## Available records
= = = = = = =
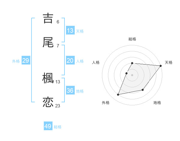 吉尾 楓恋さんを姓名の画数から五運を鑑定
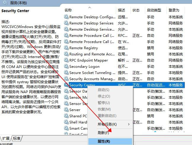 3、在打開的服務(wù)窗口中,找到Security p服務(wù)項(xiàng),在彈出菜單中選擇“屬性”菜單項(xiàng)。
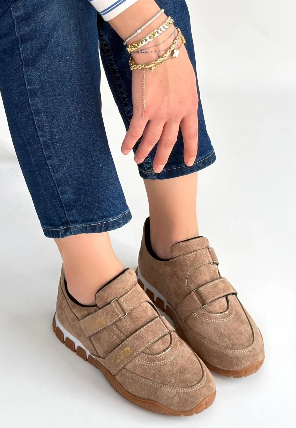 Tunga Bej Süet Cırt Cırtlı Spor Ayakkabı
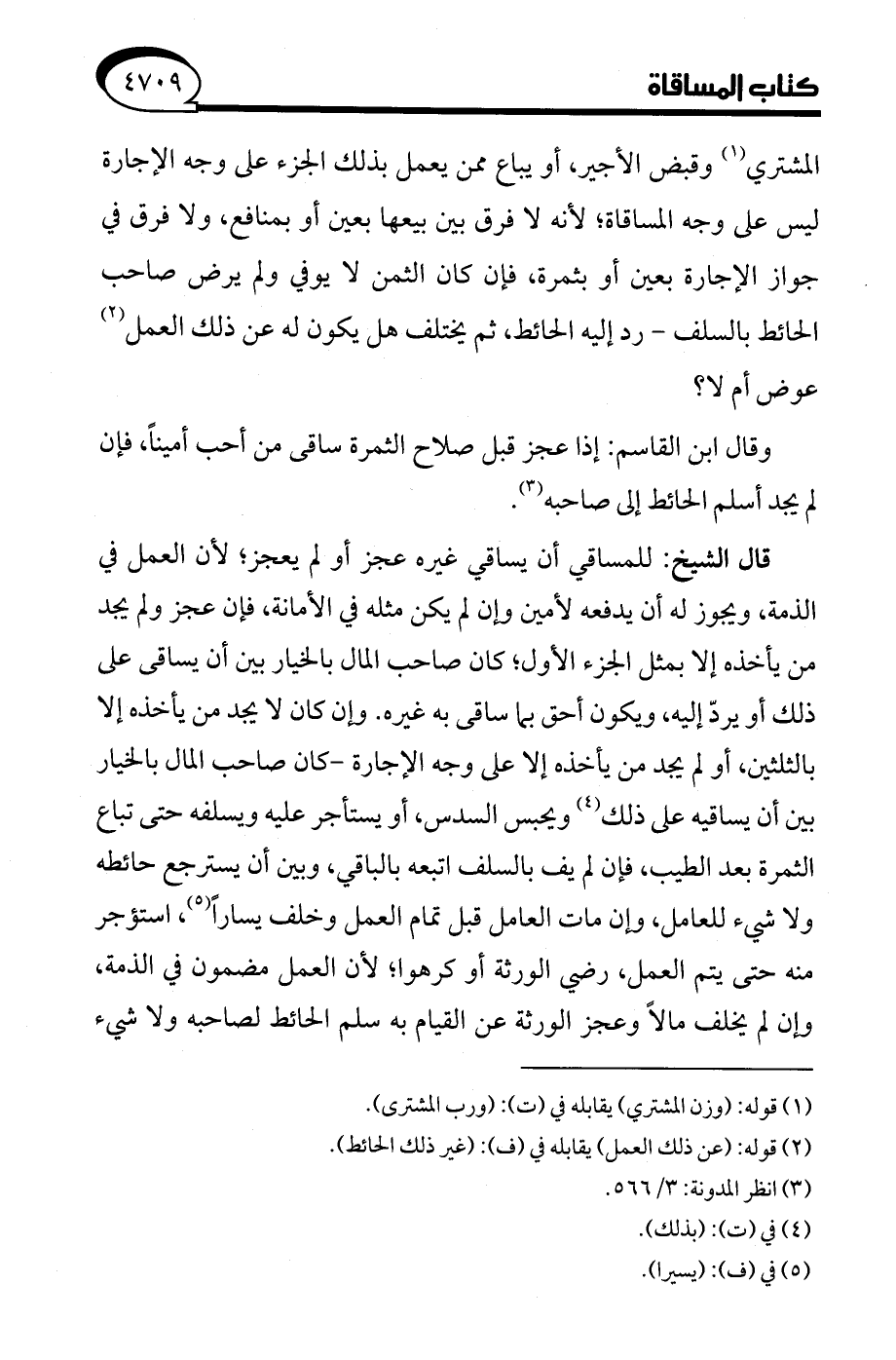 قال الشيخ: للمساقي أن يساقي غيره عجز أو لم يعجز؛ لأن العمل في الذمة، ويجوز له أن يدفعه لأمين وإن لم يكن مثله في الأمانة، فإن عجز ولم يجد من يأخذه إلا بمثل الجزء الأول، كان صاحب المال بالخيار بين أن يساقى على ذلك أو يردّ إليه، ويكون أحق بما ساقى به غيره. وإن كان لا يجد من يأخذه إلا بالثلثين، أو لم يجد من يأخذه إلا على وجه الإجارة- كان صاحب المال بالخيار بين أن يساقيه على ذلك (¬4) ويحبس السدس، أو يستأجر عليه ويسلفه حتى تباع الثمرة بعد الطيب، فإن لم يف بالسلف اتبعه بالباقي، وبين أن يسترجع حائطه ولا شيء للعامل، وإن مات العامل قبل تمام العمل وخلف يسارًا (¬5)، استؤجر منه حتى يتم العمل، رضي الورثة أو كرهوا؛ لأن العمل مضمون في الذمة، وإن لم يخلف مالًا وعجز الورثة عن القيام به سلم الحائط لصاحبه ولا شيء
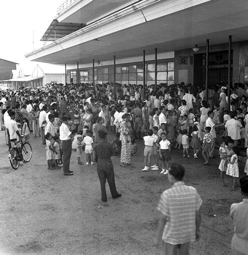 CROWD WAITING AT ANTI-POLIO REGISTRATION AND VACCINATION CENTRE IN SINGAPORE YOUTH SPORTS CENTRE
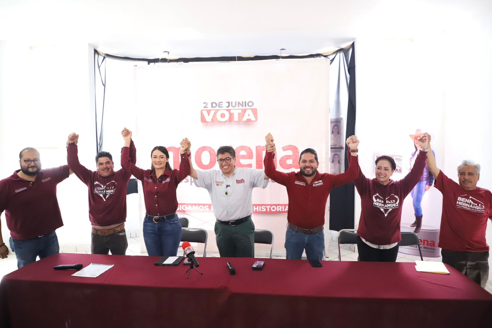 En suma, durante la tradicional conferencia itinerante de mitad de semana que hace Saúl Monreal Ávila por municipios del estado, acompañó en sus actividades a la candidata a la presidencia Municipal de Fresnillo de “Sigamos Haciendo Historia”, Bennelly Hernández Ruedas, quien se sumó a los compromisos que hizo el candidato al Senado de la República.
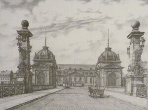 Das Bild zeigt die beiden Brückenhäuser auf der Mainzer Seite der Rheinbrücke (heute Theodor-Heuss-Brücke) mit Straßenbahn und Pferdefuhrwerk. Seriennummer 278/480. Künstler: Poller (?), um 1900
= = = = = = =
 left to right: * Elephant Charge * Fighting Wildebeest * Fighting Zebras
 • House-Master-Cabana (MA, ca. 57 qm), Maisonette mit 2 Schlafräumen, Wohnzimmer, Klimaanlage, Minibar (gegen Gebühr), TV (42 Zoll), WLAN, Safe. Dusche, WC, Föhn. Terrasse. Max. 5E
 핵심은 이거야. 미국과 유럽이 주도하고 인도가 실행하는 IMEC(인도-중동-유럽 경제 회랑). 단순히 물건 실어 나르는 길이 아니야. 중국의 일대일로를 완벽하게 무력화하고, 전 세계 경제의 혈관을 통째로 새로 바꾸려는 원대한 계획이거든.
= = = = = = =
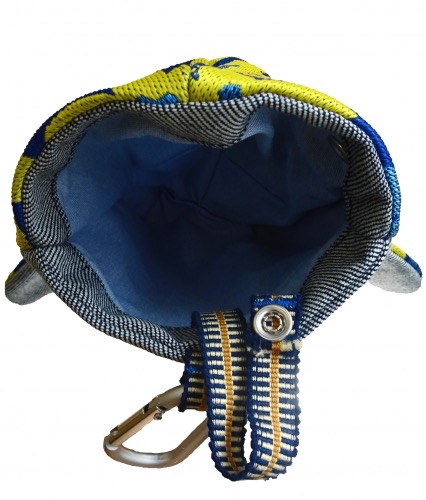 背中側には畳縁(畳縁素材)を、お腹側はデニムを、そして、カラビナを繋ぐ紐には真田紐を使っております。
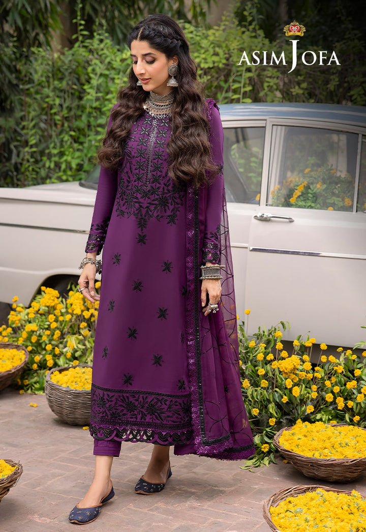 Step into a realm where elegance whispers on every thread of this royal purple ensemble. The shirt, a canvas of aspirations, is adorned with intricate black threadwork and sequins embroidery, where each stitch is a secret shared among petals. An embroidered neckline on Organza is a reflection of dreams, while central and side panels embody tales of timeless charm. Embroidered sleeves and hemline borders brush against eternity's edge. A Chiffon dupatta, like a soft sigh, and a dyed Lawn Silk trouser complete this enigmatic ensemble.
= = = = = = =
## Task directions
Starting at the line above that holds "En suma, durante", return each line up to and including the one that holds "Das Bild zeigt", exactly as written, minus any pictures.

## Solution to the exercise
 En suma, durante la tradicional conferencia itinerante de mitad de semana que hace Saúl Monreal Ávila por municipios del estado, acompañó en sus actividades a la candidata a la presidencia Municipal de Fresnillo de “Sigamos Haciendo Historia”, Bennelly Hernández Ruedas, quien se sumó a los compromisos que hizo el candidato al Senado de la República.
 Das Bild zeigt die beiden Brückenhäuser auf der Mainzer Seite der Rheinbrücke (heute Theodor-Heuss-Brücke) mit Straßenbahn und Pferdefuhrwerk. Seriennummer 278/480. Künstler: Poller (?), um 1900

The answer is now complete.